According to the legal community on the 7th, the Supreme Court's 2nd Division (Presiding Justice Ahn Cheol-sang) will hold a verdict hearing on the extraordinary appeal case regarding the illegal confinement charges against the late Park In-geun, former director of Busan Hyeongjebokjiwon, on the 11th.


Hyeongjebokjiwon, established under the pretext of 'rehabilitating vagrants,' operated like a detention facility from 1975 to 1987, where citizens were illegally confined, and forced labor, beatings, and sexual assaults were allegedly committed within the facility. According to Hyeongjebokjiwon's own records, the death toll reached 513, and some bodies were secretly buried, with their exact locations still unknown.


Director Park was indicted on charges including illegal confinement, but in 1989, the Supreme Court acquitted him, ruling that his actions were the lawful detention of vagrants under government directives at the time, thus constituting a justifiable act under criminal law. However, 29 years later, in 2018, then Prosecutor General Moon Moo-il filed an extraordinary appeal on Park's case following recommendations from the Prosecutorial Reform Committee under the Supreme Prosecutors' Office. An extraordinary appeal is an emergency remedy procedure where the Prosecutor General requests the Supreme Court to reopen a retrial when illegalities are found in a finalized criminal judgment.

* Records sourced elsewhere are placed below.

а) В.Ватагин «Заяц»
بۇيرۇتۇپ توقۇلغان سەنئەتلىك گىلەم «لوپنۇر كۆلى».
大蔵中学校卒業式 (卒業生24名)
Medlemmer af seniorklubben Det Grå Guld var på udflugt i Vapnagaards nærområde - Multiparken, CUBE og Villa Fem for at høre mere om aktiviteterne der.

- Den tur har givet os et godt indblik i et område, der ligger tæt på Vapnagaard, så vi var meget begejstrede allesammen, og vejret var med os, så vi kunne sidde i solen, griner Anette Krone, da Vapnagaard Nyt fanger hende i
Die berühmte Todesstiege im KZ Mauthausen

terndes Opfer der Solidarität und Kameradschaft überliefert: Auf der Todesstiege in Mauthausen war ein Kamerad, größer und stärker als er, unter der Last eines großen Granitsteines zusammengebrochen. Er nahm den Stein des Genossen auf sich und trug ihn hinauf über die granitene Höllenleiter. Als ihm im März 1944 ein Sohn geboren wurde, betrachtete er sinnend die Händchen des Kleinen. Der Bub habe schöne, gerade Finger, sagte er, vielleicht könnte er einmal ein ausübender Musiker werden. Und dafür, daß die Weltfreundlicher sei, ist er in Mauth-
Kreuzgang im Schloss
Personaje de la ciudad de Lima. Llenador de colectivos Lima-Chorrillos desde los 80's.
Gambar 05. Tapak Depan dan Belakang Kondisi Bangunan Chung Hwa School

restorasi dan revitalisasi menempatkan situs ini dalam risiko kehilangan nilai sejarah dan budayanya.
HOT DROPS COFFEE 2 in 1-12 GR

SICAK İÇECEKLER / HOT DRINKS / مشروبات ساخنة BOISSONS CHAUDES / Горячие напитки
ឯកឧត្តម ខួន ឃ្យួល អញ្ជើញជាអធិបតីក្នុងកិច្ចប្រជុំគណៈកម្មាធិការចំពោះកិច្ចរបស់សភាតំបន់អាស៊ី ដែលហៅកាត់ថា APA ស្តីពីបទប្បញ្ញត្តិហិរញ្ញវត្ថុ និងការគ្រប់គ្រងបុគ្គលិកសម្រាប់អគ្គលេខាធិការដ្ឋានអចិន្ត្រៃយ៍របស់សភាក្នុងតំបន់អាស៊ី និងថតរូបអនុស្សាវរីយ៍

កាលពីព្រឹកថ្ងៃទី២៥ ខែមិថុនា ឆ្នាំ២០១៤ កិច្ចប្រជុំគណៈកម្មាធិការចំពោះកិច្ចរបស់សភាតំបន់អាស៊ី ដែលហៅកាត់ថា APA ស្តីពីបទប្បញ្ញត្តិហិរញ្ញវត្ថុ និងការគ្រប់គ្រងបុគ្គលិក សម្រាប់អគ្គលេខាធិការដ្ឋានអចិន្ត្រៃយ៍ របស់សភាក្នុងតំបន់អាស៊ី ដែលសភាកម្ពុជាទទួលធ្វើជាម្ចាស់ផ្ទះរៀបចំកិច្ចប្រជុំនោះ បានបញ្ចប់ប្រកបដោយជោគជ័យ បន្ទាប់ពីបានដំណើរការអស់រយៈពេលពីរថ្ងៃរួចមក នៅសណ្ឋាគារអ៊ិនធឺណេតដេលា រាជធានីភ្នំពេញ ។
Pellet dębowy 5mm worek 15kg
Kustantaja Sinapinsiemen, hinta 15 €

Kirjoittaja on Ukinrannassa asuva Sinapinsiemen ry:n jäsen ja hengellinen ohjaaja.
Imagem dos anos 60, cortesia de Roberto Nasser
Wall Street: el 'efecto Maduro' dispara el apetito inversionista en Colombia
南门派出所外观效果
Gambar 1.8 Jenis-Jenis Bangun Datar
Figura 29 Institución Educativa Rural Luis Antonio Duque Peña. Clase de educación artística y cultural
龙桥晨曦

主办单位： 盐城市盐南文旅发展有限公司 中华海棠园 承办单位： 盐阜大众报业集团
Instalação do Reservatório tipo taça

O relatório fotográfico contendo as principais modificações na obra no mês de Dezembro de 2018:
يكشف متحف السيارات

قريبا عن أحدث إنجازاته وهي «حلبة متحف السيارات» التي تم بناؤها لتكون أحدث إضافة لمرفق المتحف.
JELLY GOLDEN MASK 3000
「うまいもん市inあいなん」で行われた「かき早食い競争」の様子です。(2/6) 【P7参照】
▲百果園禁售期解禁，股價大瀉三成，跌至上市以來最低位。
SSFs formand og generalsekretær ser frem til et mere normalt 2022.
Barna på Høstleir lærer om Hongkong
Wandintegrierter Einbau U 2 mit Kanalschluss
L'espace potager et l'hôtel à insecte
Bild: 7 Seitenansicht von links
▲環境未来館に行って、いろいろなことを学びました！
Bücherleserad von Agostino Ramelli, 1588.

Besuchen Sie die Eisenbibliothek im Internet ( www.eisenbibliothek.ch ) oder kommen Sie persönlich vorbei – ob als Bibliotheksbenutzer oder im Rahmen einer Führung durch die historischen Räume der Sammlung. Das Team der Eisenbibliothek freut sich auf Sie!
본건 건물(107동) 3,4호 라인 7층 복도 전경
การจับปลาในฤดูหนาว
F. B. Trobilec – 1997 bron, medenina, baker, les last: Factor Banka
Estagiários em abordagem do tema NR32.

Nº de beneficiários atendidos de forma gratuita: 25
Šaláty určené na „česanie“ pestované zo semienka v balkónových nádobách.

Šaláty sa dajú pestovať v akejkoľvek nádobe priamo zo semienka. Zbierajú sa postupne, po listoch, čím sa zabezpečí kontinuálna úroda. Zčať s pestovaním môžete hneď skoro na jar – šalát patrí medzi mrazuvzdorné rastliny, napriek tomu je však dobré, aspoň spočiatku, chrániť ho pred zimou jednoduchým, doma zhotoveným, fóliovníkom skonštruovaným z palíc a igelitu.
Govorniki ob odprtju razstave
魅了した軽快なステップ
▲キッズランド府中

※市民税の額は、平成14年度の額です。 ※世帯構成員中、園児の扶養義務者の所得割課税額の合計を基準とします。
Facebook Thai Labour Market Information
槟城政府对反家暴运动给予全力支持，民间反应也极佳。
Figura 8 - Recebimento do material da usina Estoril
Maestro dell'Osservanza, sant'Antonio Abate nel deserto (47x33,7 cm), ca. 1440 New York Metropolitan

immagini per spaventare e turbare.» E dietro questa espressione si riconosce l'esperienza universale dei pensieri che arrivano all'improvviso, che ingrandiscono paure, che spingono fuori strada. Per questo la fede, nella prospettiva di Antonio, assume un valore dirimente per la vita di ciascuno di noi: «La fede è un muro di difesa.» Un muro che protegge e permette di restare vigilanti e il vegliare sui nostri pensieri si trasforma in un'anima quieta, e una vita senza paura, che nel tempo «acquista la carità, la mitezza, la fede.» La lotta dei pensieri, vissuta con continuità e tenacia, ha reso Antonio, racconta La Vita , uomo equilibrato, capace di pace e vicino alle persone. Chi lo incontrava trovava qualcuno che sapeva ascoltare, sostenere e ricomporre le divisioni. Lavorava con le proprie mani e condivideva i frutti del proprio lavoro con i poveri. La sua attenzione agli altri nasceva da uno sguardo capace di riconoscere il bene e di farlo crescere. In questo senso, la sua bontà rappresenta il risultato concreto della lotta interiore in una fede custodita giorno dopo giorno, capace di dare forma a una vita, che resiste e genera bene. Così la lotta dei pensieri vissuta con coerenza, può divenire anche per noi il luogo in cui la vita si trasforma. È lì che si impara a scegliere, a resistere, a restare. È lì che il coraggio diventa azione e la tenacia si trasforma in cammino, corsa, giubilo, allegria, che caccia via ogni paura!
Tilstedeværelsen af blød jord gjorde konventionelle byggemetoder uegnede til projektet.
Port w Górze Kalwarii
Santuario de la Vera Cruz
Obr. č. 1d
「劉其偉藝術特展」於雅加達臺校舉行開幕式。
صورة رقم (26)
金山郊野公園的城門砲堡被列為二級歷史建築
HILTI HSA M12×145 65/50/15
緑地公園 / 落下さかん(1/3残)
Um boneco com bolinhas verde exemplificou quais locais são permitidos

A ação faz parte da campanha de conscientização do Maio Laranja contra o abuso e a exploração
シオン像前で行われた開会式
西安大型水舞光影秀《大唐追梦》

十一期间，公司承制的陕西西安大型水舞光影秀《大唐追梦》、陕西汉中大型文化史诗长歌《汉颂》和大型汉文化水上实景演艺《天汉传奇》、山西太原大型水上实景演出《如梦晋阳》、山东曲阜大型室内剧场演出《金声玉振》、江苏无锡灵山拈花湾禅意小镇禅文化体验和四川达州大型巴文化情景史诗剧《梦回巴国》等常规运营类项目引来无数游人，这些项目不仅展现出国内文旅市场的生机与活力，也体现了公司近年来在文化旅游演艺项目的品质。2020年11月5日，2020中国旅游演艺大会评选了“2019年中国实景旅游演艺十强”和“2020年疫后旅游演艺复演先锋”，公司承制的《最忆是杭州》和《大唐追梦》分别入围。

Even if the extraordinary appeal trial acknowledges problems with the past ruling, the effect of Park's acquittal, which has already been finalized, will not change. However, if the Supreme Court points out issues in the previous judgment, it will open the door for Hyeongjebokjiwon victims to seek not only restoration of honor but also claim damages against the state and others based on that.


In the first hearing held last October, the prosecution argued, "Isolating victims from society and detaining them indefinitely violates the principles of prohibition of excess and due process," and stated, "The 'act under the law' stipulated in Article 20 of the Criminal Act means actions that are lawful and constitutional."